Imagine you have a tree sprite with a tall trunk and wide top. The rest is transparent/ not drawn. I'd draw an ASCII representation, but this forum editor removes multiple spaces/indents. Now, draw a bounding box around it. Ok, on either side of the trunk is a whole lot of 'dead' space where nothing is going to be drawn, but is going to be updated / redrawn / invalidated / whatever anyway.

So instead of a simple bounding box, you record the x offset of the first and last pixel drawn on each line. For the top of the tree, this would represent a span width nearly the width of the bounding box. For the trunk, it would be just a tiny, narrow strip.

Do this for everything and you have a more accurate picture of which pixels on the surface are going to be updated (holes in objects excepted) with a smaller total area/ number of pixels than using simple bounding boxes / dirty rectangles.

This alone can be useful, but you can take it a step further if you feel like writing the drawing routines. What you do is generate the span lists in a pre-pass (keep info on every item drawn in the previous frame. If it unchanged this frame, don't add it to the span lists). Then you draw *everything* clipped against the span lists. That is, the span lists represent the valid update area. Really -- this works. If you have a large visual that is unchanged, but overlaps a tiny changed area, redrawing just that tiny portion of it can be a huge performance savings.
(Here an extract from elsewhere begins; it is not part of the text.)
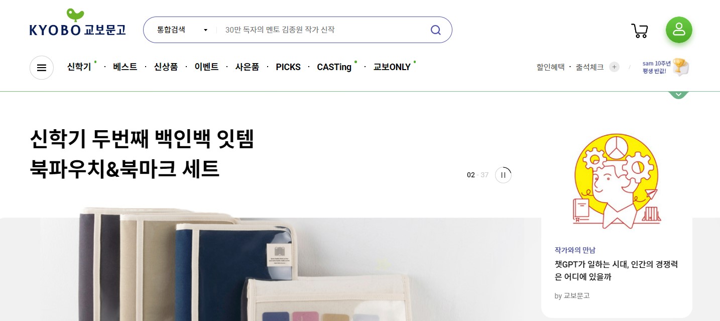 | 교보문고 | 도서류 1만원 이상 | 오전 3시까지 결제하면 당일배송 가능 | 고정 | ||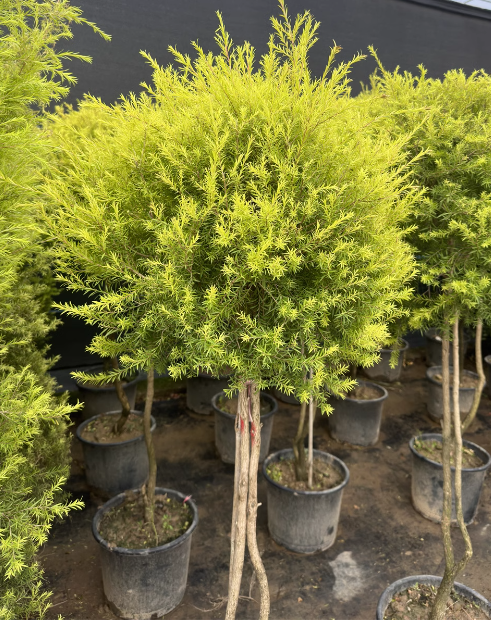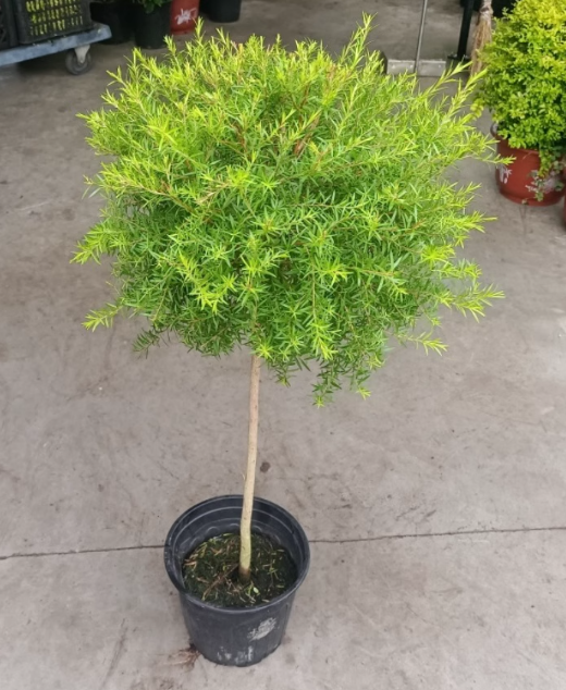 黄金香柳是常绿乔木,地栽的话,可以长到七八米高,盆栽的话,可以通过修剪来控制高度,黄金香柳非常耐修剪,常常会修剪成球形,会棒棒糖造型。

Ultimately, this all depends on the type of visuals you are drawing. If everything is rectangular, then this won't help much. If you have plenty of irregular shapes, it can help a lot. Clipping partially involved images can help a lot in both approaches.

mahlzeit
05-24-2006, 01:19 PM
I am not sure if I got SolidBlend correct
EDIT: What I said here doesn't make any sense. Maybe try without the RLE flag, though.